As product complexity continues to grow, the computational resources required to conduct better, more complete S&A is increasing. More and more computing power is needed to perform comprehensive multi-physics and higher degree of freedom analyses, as well as to conduct effective design optimization. However, the desktops and workstations used by most designers and engineers do not have the required computational power. Performing simulations consumes their resources and prevents them from performing other work. To address this situation, new approaches are needed and are being developed. Cloud-based solutions can be deployed as a means to process multiple S&A jobs in parallel and, potentially as important, they can be used to apply significantly more powerful computing resources that would be unavailable at a local user or company level. For example, rather than have engineers spend their valuable time simplifying geometry prior to analysis, the massive compute power available across the Cloud in high performance computing (HPC) centers could be used to perform multiple complex pre-processing and then run additional analyses.

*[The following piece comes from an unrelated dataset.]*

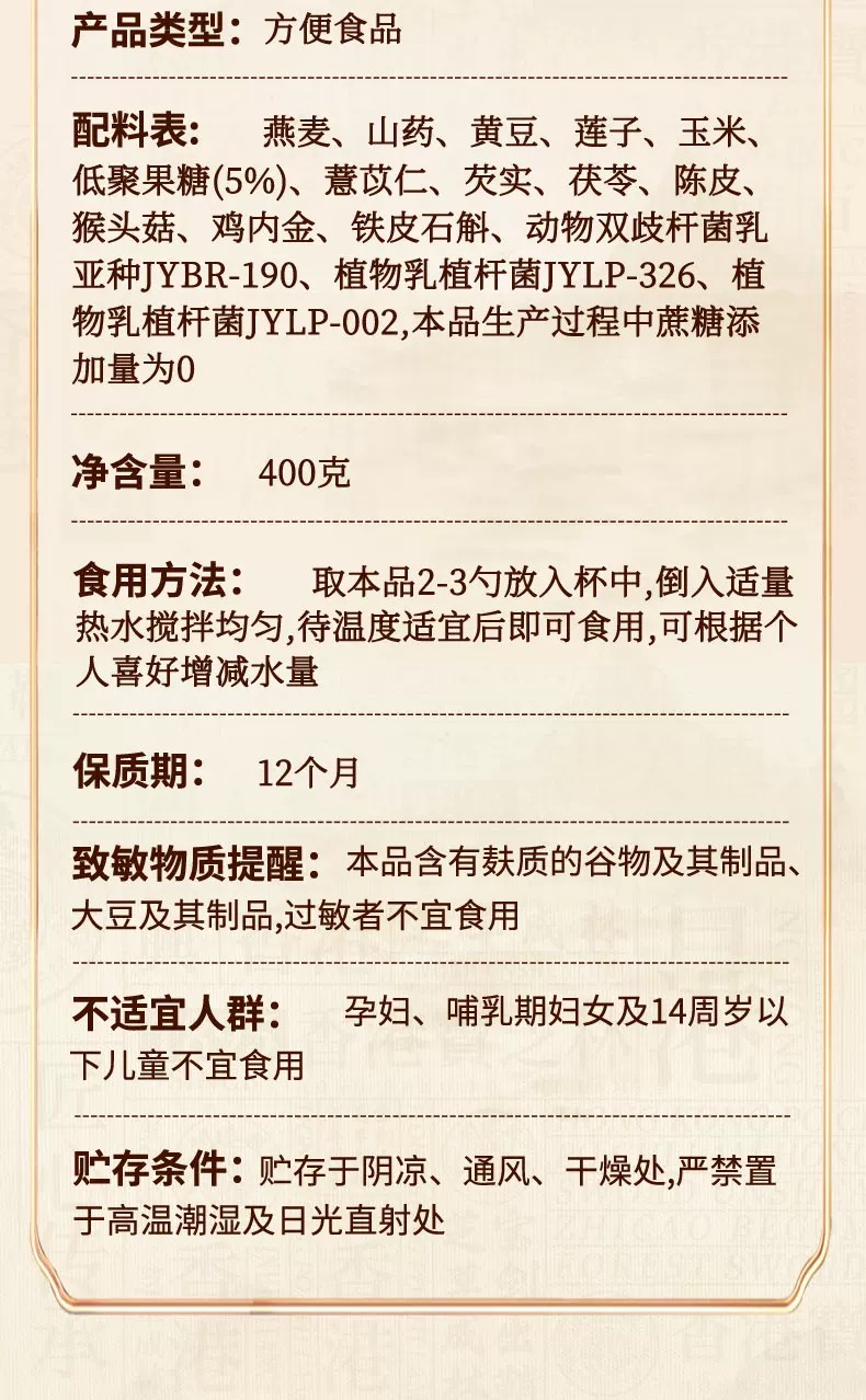 香港宝芝林出品!猴头菇石斛山药粉400g/罐

The advent of Cloud computing with high performance networks and access to remote HPCs is providing new solutions to this problem. One company that is creating these new solutions is Autodesk. As part of their initiatives for the use of Cloud and remote/distributed computing, Autodesk is developing new ways to deliver simulation and analysis via the Cloud and HPCs.

Autodesk’s Cloud-based S&A programs include Project Cumulus and Inventor Optimization. For these programs, Autodesk is building into their products (e.g., Inventor) the ability for designers and engineers to automatically launch simulations and perform analyses and design optimization using HPC facilities in the Cloud. They are simplifying the actions a user must perform to execute an analysis and get the results. Figure 1 illustrates how Autodesk is delivering these new capabilities.

In this example the user does a onetime login to access the Cloud. After that, he or she simply requests that a simulation be performed. Autodesk’s software automatically acquires all the appropriate geometry and simulation inputs (boundary conditions, limits, etc.) and then transfers that information across the Cloud to the pre-defined HPC. That HPC may be a public site or a private site. The software at the HPC then performs the meshing, executes the necessary solvers, runs the appropriate post processor, and then returns the results to the user.

commentary autodesk 2010.12.07 1

While the simulation is being executed, the user’s local computing system is available to perform other tasks. There are many benefits of this type of solution:

  • The user continues to be productive on his or her local system.
  • The user does not have to spend time preparing the analysis for execution.
  • The HPC can apply multiple techniques to process the simulation:
  • Use multiple processors,
  • Apply a Grid solution.
  • The user gets the results much faster and can make better design decisions.
  • It enables users to try more design alternatives and to better optimize the design.
  • With the appropriate inputs, design optimization can also be conducted automatically.
  • Multiple users can access the HPC simultaneously.
  • It reduces the cost for acquisition and support of high performance systems by the company—making HPC available to all sizes of companies.

By taking advantage of the Cloud and making HPC available to more designers and engineers, Autodesk is helping its clients be more productive and better able to develop and deliver competitive products.

CIMdata believes that intelligent use of the Cloud and Cloud-based computing resources will help companies in all industries to be able to better develop innovative products. Autodesk is an example of how using the Cloud can make more powerful and comprehensive simulation and analysis more readily available and easier to use for broad new classes of users in companies of all sizes throughout the product development process.